Serialist (http://serialist.net/) provides a way to find, track and read serialized content (e.g., web comics). It's implemented entirely in Haskell and demonstrates functional web application development, crawling, scraping and distributed architecture. Serialist uses interesting graph algorithms to add and step through content lazily.
Hacks
Jamey Sharp, Josh Triplett

* Speeding up your PHP Application

Is your Wordpress site too slow? What's this HipHop PHP thing? How do I write really fast PHP apps? Drop by to get the answers to these questions.
Hacks
Rasmus Lerdorf

* Teach your class to fish, and they'll have food for a lifetime.

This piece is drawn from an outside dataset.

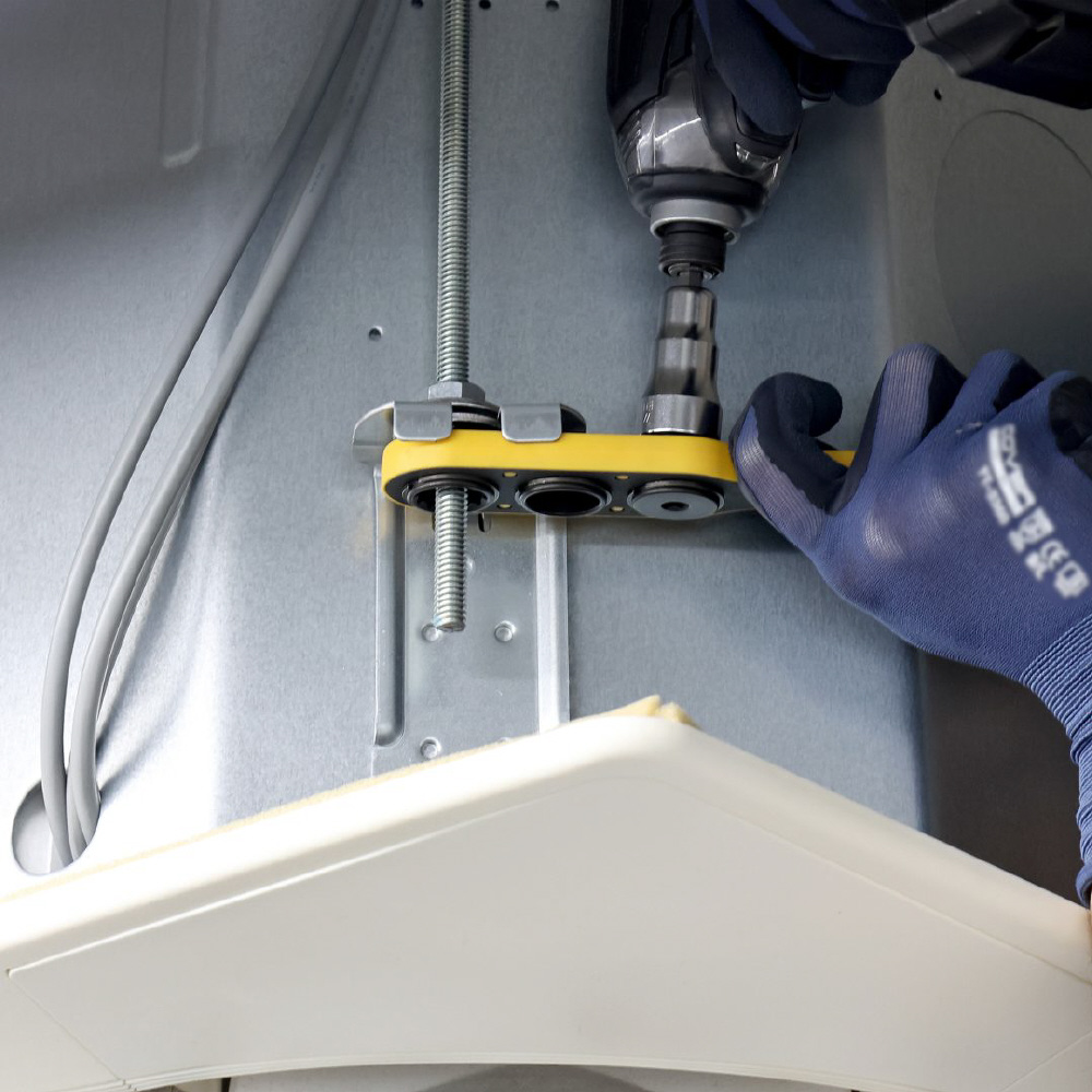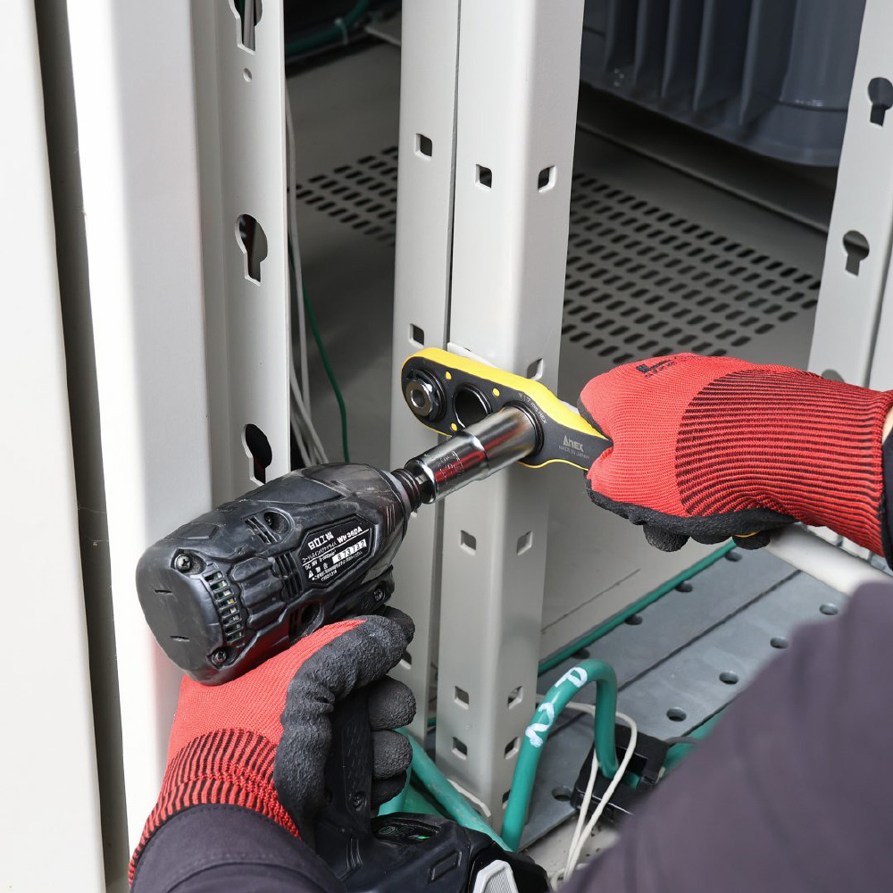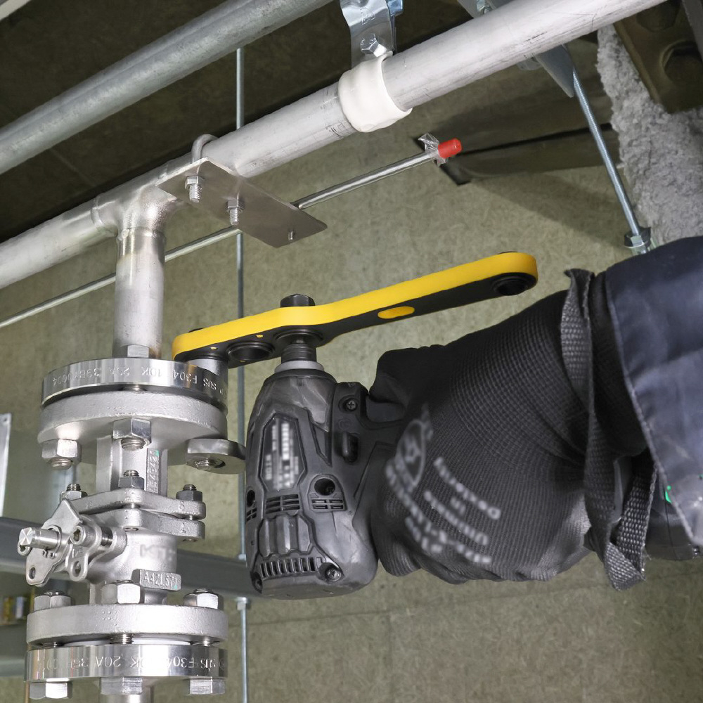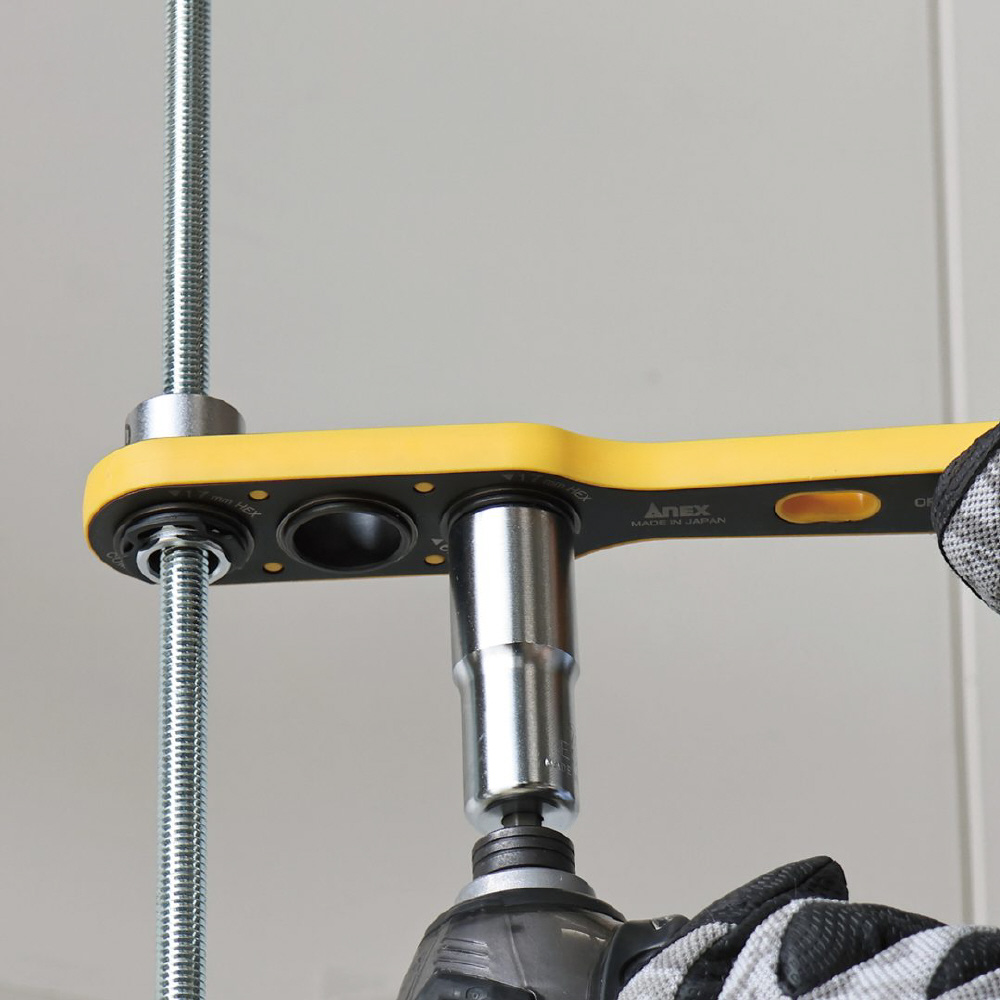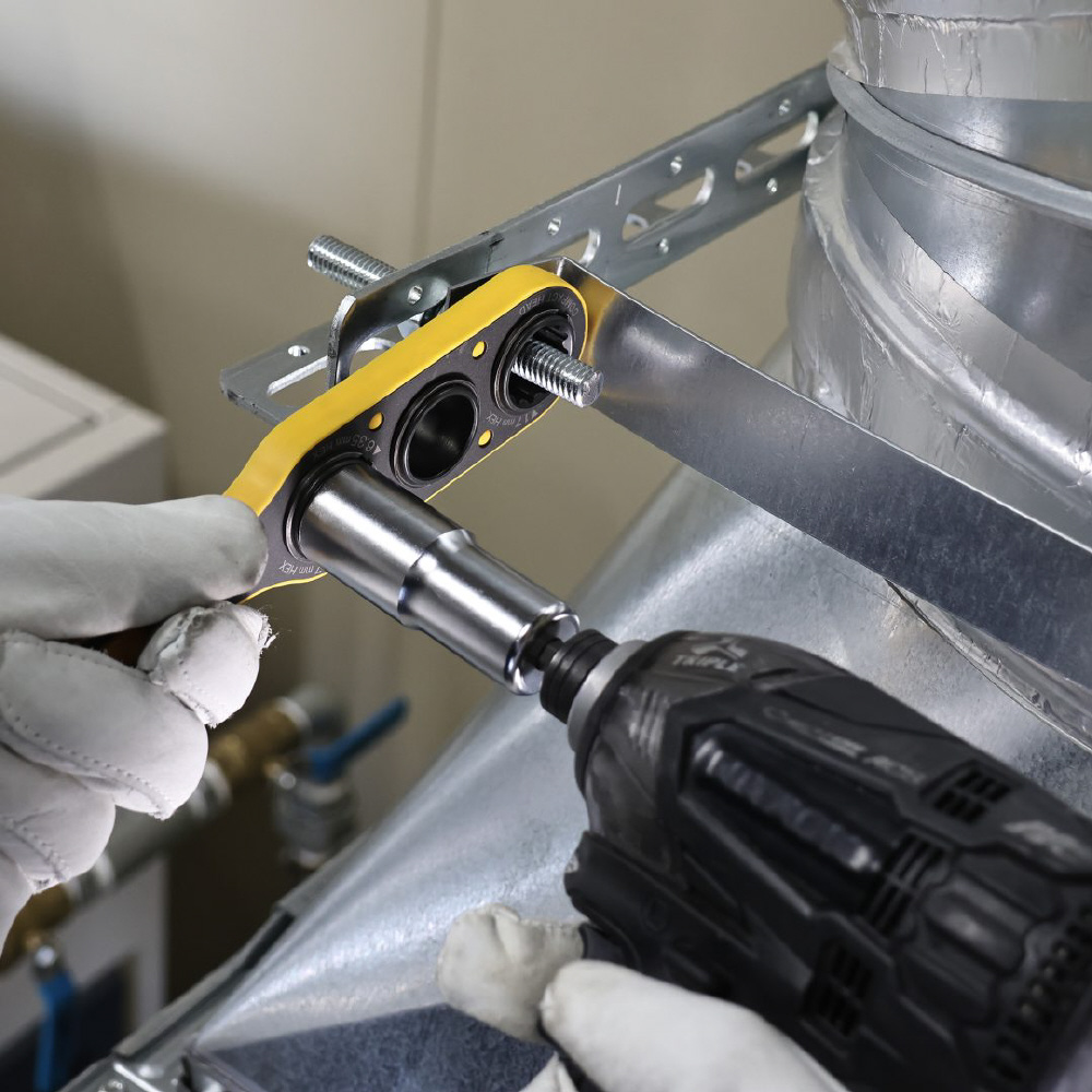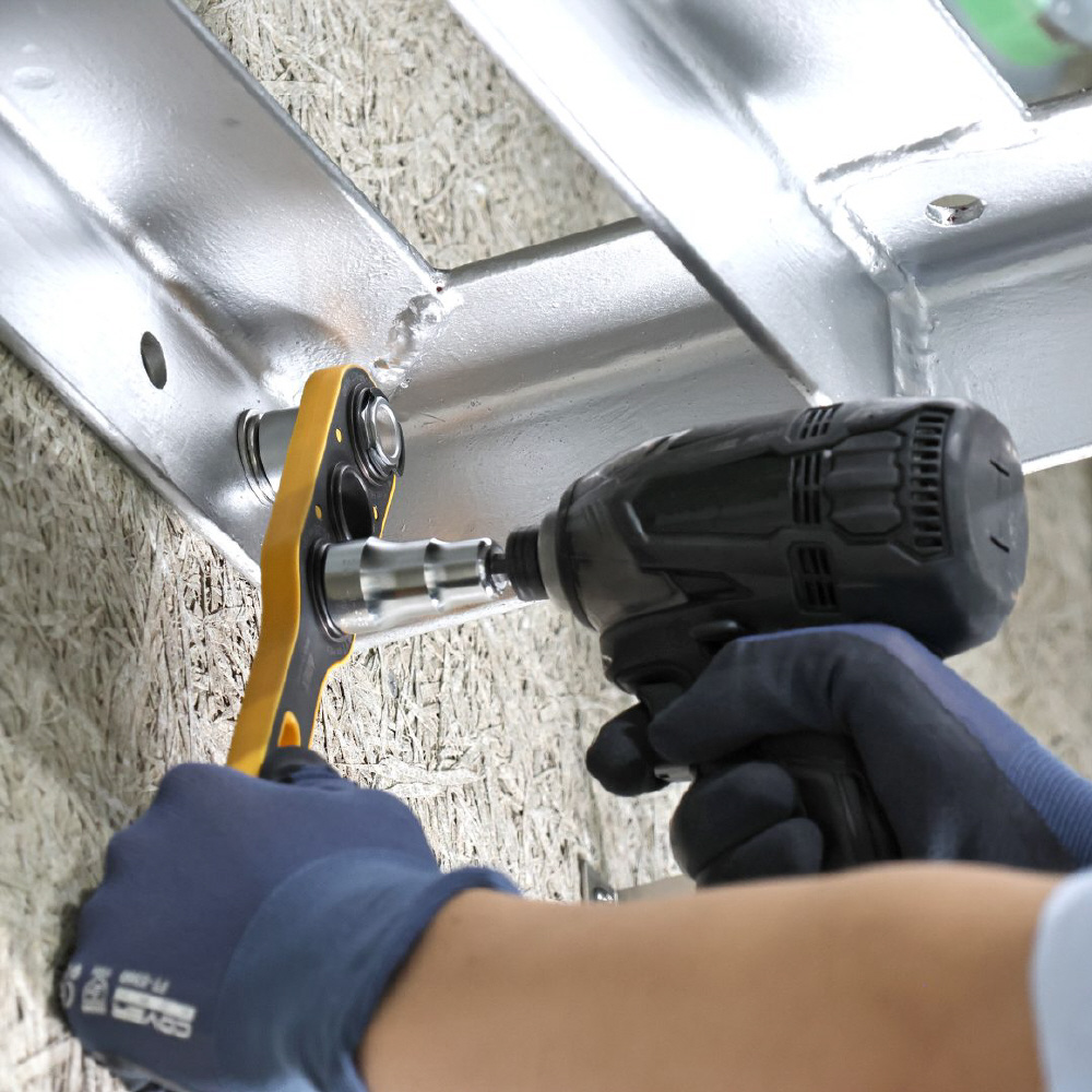 【用途】<BR>電気設備の架台、ダクトレール周りのボルトに<BR>製品特徴】<BR>●狭所のボルト・ナット回しの時短と省力を実現する電動ドライバー用アタッチメント工具です<BR>●H8〜H21のボルト・ナットに対応するソケットセットです<BR>●オフセットアダプター本体が抜け落ちず、片手で作業ができる止め輪付ビットを付属しています<BR>●持ち運びに便利な収納ケース付き<BR>●最大許容トルク230N・m
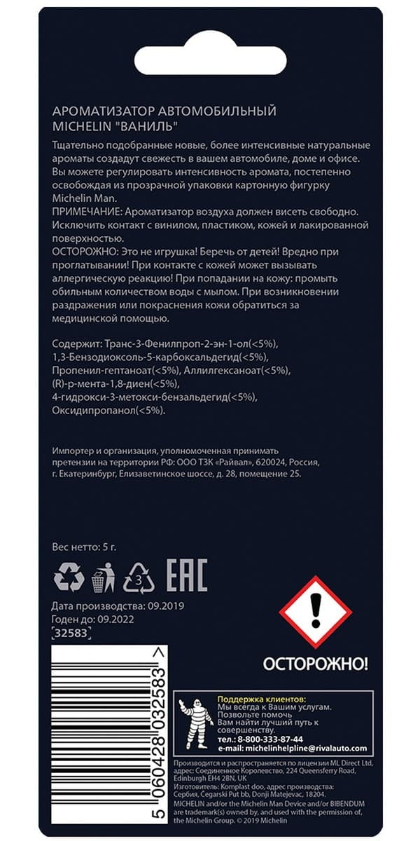 Ароматизатор воздуха MICHELIN, подвесной, картонный, 2D Classic, "ваниль" № 32583

You have so much you want to teach, how do you structure it so that your training course is both interesting and challenging? How much theory can you squeeze into an hour before your attendees have forgotten where you started? How do you structure your course to account for classes which move slower or faster than average? This talk will cover all of these answers and more.
Business
Jacinta Richardson

* The $2 computer: ultraconstrained devices do your bidding

"Do you watch television? Is your furnace loud? Do you have $2?" My 7-year-old's marketing suggestions aside, building custom gadgets to improve your life is remarkably simple, and I'll prove it by building something on stage that you can duplicate at home.
Hacks
David Hollingsworth

* The Fine Line Between Creepy and Fun

Social software is kind of a big deal right now. In the open-source spirit of transparency and dissection, let's talk about what makes social technology creepy, what makes it fun, and how to hack things to maximize your desired outcome.
Hacks
Audrey Eschright

* The Open Geo Stack

Location and mapping are making a huge impact on the web and mobile. Open Source is right there. Learn the elements of the geo stack, from mapping APIs to geo databases.
Cooking
Adam DuVander

* The Return of Command-Line Kung Fu

A follow-on to last year's highly popular presentation, Hal Pomeranz returns with another super-size helping of command-line madness!
Cooking
Hal Pomeranz

* The Story of Spaz: How to Give Away Everything, Make No Money, and Still Win

What motivates us as developers? How do we define success? Throughout the development of Spaz, we've learned a lot about what works, what doesn't, and what really matters. Come to hear the story, and participate in the discussion of how we define success in open source.
Business
Edward Finkler

* X Marks the Spot: Applying OpenStreetMap to the High Seas

The United States has a treasure trove of nautical charts in digital form, including plots of shipwrecks, navigation buoys, coastal and river depths, and other fine booty. OpenStreetMap is an open source, open format collaborative project for building a free map of the world. Join this session to find out more of the marine secrets of the National Oceanographic and Atmospheric Administration (NOAA), OpenSeaMap's plans to extend OSM to the high seas, and splicing the two (and your mainbrace) together. We'll use the Geospatial Data Abstraction Library (GDAL), OGR, Python, and the OSM API.
Hacks
Liz Henry, Danny O'Brien

* XHP for PHP

XHP is a PHP extension which augments the syntax of the language such that XML document fragments become valid PHP expressions. It fits somewhere between a templating language and a programmatic UI library. XHP allows you to use PHP as a stricter templating engine and offers a very straightforward way of implementing reusable, extensible components.
Cooking
Bob Baldwin

* You Shall Not Pass: Managing Expectations and Boundaries with Clients

Open Source is great fun, even in the area of professional services. But sometimes, you want to be able to pay the bills with your awesomeness too. One of the areas of difficulty is setting boundaries with clients, even though you really just want to write amazing stuff.
Business
Amye Scavarda, Chris Strahl

* Your Internets are Leaking

Using your computer on a public network is like having a conversation on a city bus: people you don't know can hear everything you say. They'll probably be polite and ignore you, but you still might not want to shout out your credit card number. Yet this is what your computer does. All the time. And you don't know it.